Materials provided:
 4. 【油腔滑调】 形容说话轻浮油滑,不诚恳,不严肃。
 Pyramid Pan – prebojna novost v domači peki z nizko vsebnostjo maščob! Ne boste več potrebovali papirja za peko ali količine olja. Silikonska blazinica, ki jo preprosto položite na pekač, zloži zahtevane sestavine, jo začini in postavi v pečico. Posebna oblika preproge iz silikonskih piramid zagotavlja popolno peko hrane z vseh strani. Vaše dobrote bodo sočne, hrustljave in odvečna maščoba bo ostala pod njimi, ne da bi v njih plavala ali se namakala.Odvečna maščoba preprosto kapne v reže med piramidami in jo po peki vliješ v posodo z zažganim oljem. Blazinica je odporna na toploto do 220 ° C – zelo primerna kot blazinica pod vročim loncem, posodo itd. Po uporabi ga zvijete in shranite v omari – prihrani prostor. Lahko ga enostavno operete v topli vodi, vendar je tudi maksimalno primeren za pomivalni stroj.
==
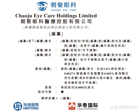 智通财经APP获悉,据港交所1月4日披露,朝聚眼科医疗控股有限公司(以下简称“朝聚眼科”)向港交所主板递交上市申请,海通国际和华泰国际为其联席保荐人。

Activity: Every line above from the line with "4. 【油腔滑调】 形容说话轻浮油滑,不诚恳,不严肃。" to the line with "Pyramid Pan –" is wanted, ends included; write them out exactly and add no other line.

Result of this task:
 4. 【油腔滑调】 形容说话轻浮油滑,不诚恳,不严肃。
 Pyramid Pan – prebojna novost v domači peki z nizko vsebnostjo maščob! Ne boste več potrebovali papirja za peko ali količine olja. Silikonska blazinica, ki jo preprosto položite na pekač, zloži zahtevane sestavine, jo začini in postavi v pečico. Posebna oblika preproge iz silikonskih piramid zagotavlja popolno peko hrane z vseh strani. Vaše dobrote bodo sočne, hrustljave in odvečna maščoba bo ostala pod njimi, ne da bi v njih plavala ali se namakala.Odvečna maščoba preprosto kapne v reže med piramidami in jo po peki vliješ v posodo z zažganim oljem. Blazinica je odporna na toploto do 220 ° C – zelo primerna kot blazinica pod vročim loncem, posodo itd. Po uporabi ga zvijete in shranite v omari – prihrani prostor. Lahko ga enostavno operete v topli vodi, vendar je tudi maksimalno primeren za pomivalni stroj.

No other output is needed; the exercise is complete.